MicroRNAs control hepatocyte proliferation during liver regeneration

Guisheng Song et al. Hepatology. 2010 May.

Abstract

MicroRNAs (miRNAs) constitute a new class of regulators of gene expression. Among other actions, miRNAs have been shown to control cell proliferation in development and cancer. However, whether miRNAs regulate hepatocyte proliferation during liver regeneration is unknown. We addressed this question by performing 2/3 partial hepatectomy (2/3 PH) on mice with hepatocyte-specific inactivation of DiGeorge syndrome critical region gene 8 (DGCR8), an essential component of the miRNA processing pathway. Hepatocytes of these mice were miRNA-deficient and exhibited a delay in cell cycle progression involving the G(1) to S phase transition.
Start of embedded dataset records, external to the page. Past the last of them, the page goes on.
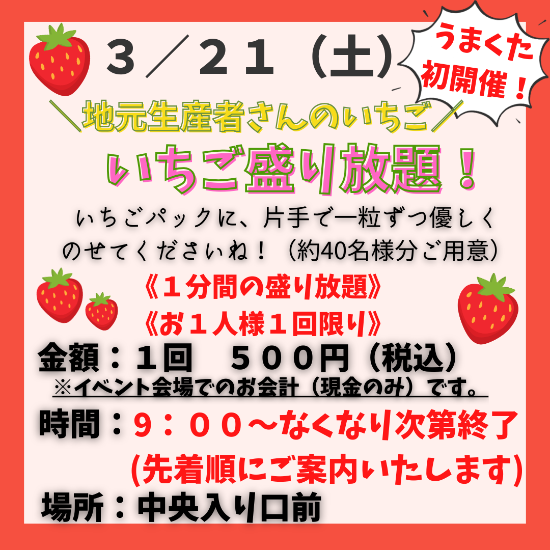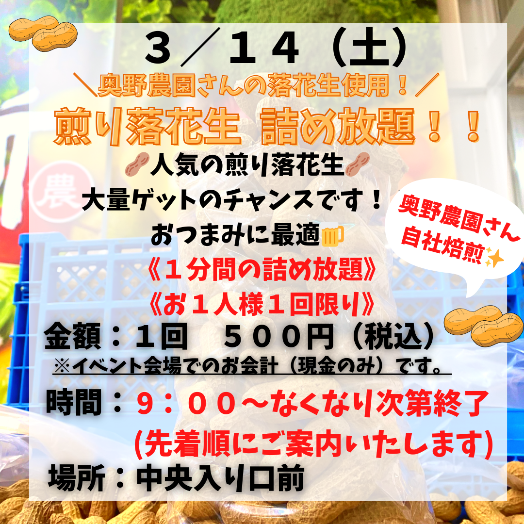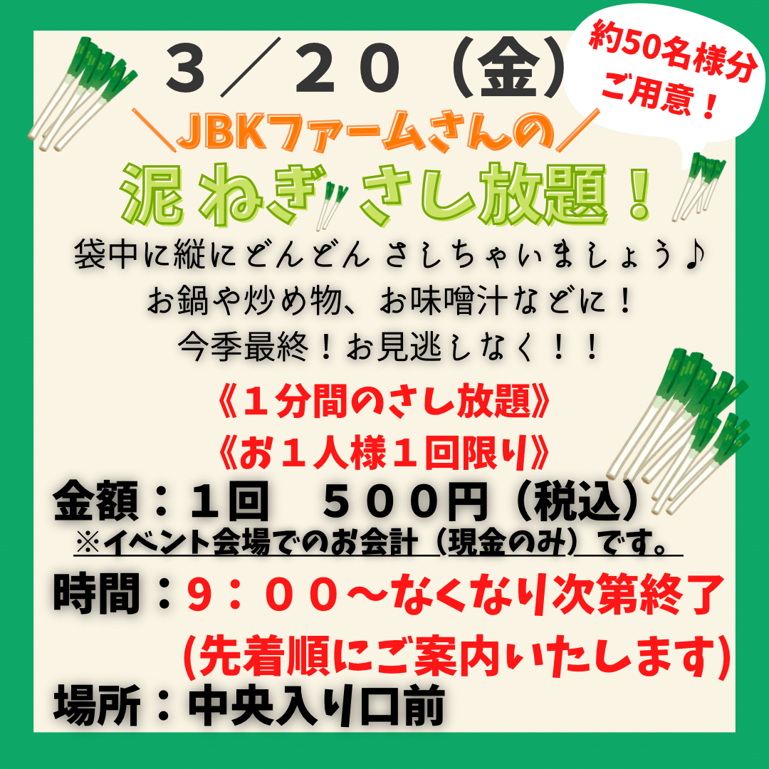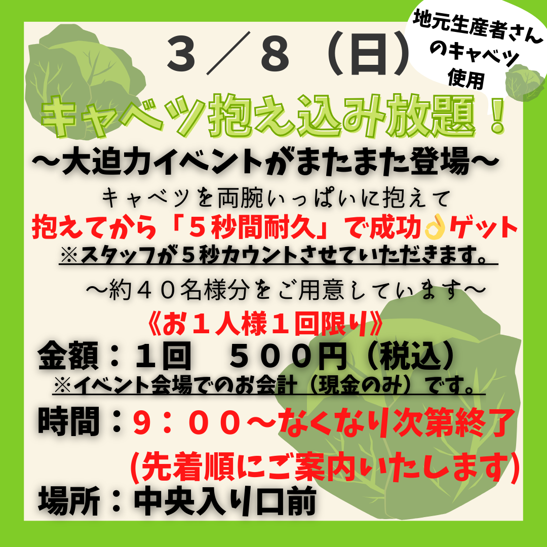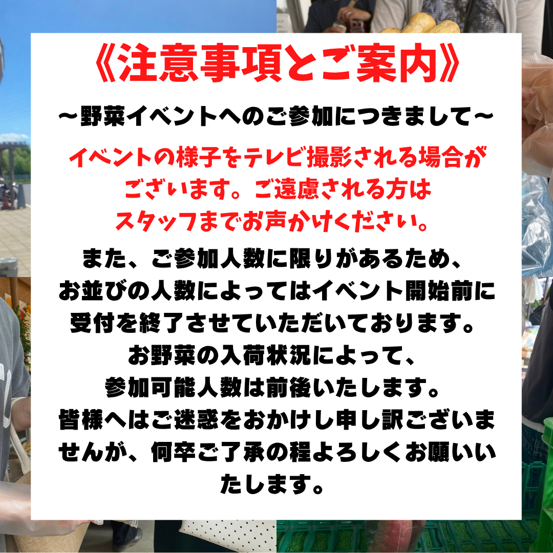 お得で楽しい野菜イベントを毎週9:00〜(無くなり次第終了)で開催しています!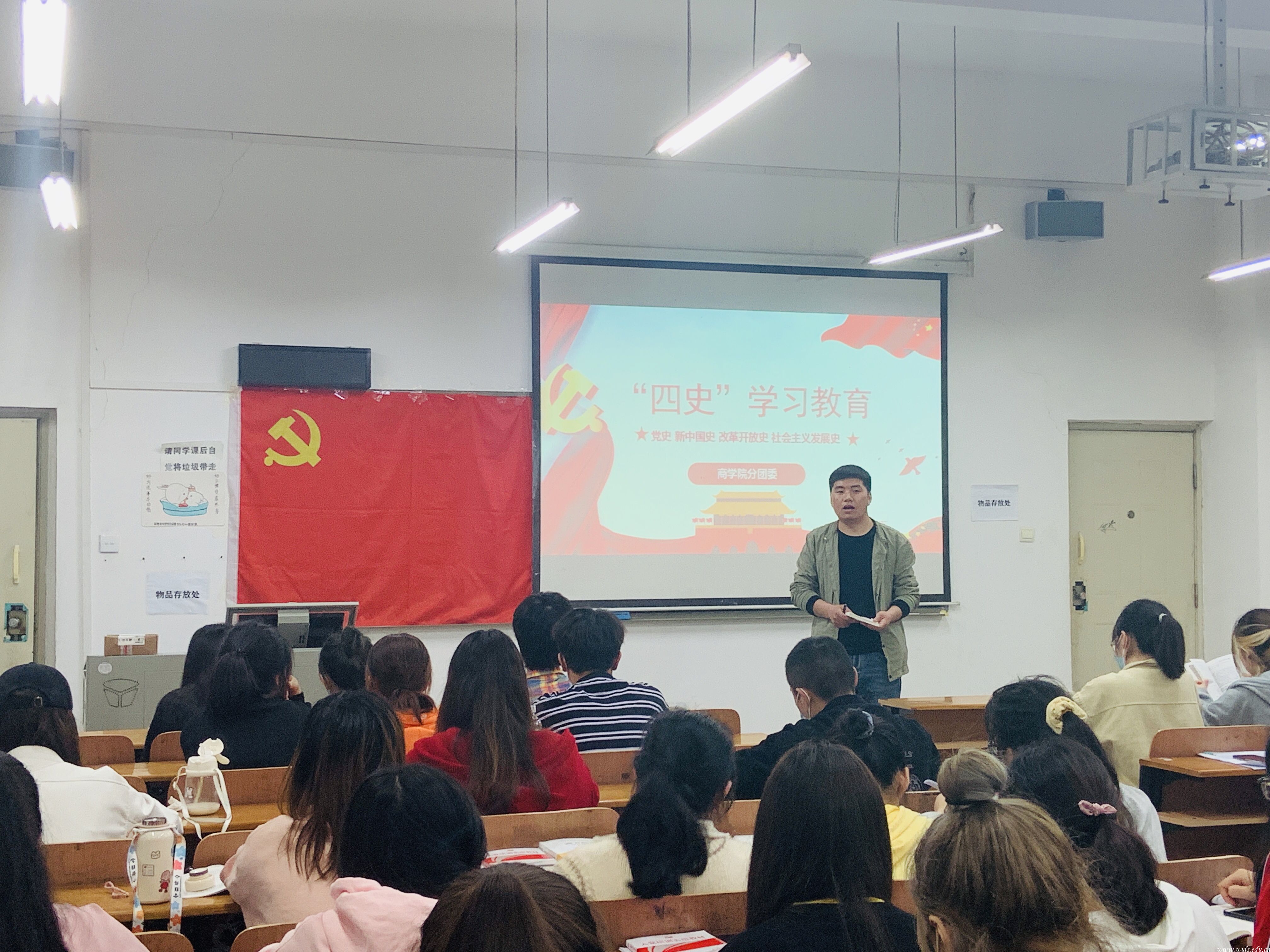 本网讯 (通讯员 张瑞彤)2021年是中国共产党成立100周年。为深入学习贯彻习近平新时代中国特色社会主义思想,响应党中央关于党史学习教育号召,从党的百年伟大奋斗历程中汲取智慧和力量,引导广大青年大学生爱国、爱党、明理、崇德、力行。按照学院党总支部署,4月6日19:00于临湖轩B2019教室,商学院分团委组织 “四史”主题学习教育,分团委学生会主要学生干部、各团支部代表参加了主题学习教育由分团委书记陈维同志主持。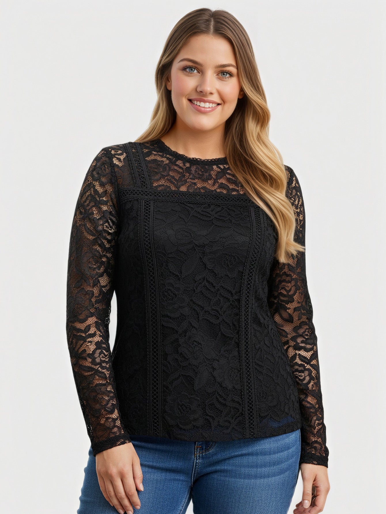 Yeese Damen-Spitzenoberteil in Übergröße, vielseitig und elegant, langärmlig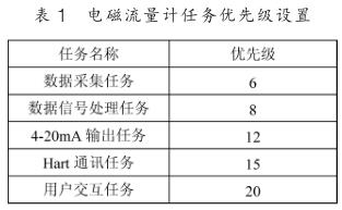 下面以電磁流量計為例說明基于 μC/OS-III 的人機界面設計。 先將 μC/OS-III 移植到 Cortex-M3 處理器上,這里選用的是 STM32F103VET6 。電磁流量計的應用程序若按照上節的任務種類劃分有: 數據采集任務、數據處理任務, 4~20mA輸出任務, Hart 通訊任務以及用戶交互任務。 先對不同的任務進行優先級的劃分,如表 1 所示。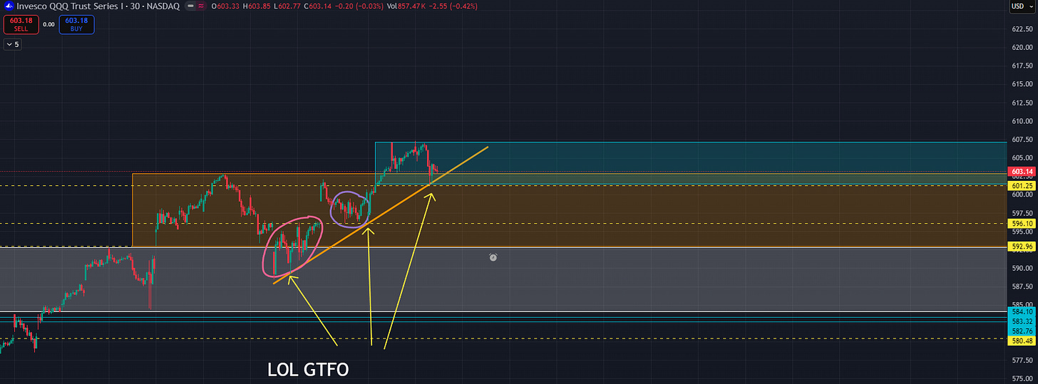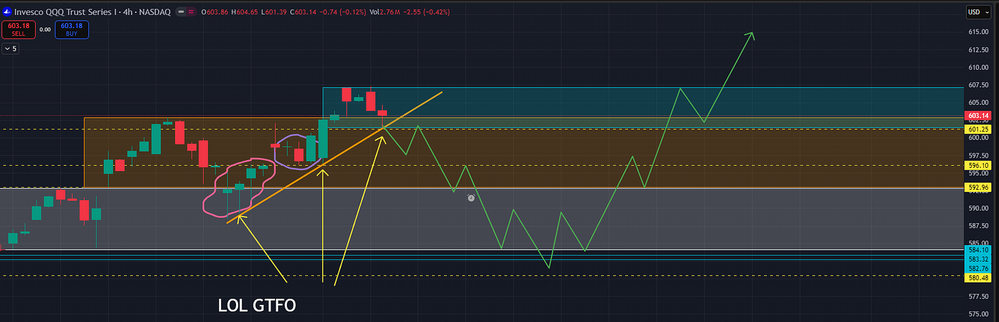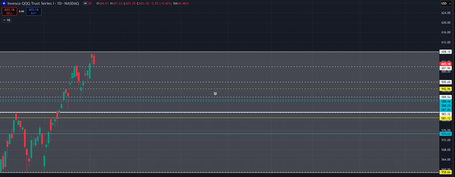 I also have a higher time frame NQ extension at 25253 in a similar area to 608.16 QQQ.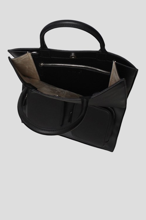 Детали: Женская черная сумка-шоппер из экокожи Accordo от Max Mara Weekend (Макс Мара Викенд). Модель из гладкой кожи, тиснение логотипа, два накладных кармана на молнии, две круглые ручки, съемный плечевой ремень, застежка на магнит, одно отделение. Размеры: 35 x 13 x 42 см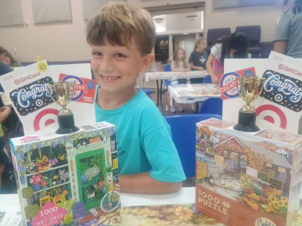 I feel like this deserves its own post. Last night Luke and I went to a jigsaw puzzle competition put on by a schoolmate at a nearby church. There were 35 teams of two vying to complete a 300 piece puzzle the fastest. Our system was for me to separate the edge pieces and pass them to him for assembly. We then divided the remaining pieces by color and then latched them together. I assumed we were doing well because we were ahead of the folks nearest us, and we did in fact finish before anyone else. Luke was pretty ecstatic. Prizes included a trophy, puzzle, and gift cards for each of us.

Examination of livers of wildtype mice after 2/3 PH revealed differential expression of a subset of miRNAs, notably an induction of miR-21 and repression of miR-378. We further discovered that miR-21 directly inhibits Btg2, a cell cycle inhibitor that prevents activation of forkhead box M1 (FoxM1), which is essential for DNA synthesis in hepatocytes after 2/3 PH. In addition, we found that miR-378 directly inhibits ornithine decarboxylase (Odc1), which is known to promote DNA synthesis in hepatocytes after 2/3 PH.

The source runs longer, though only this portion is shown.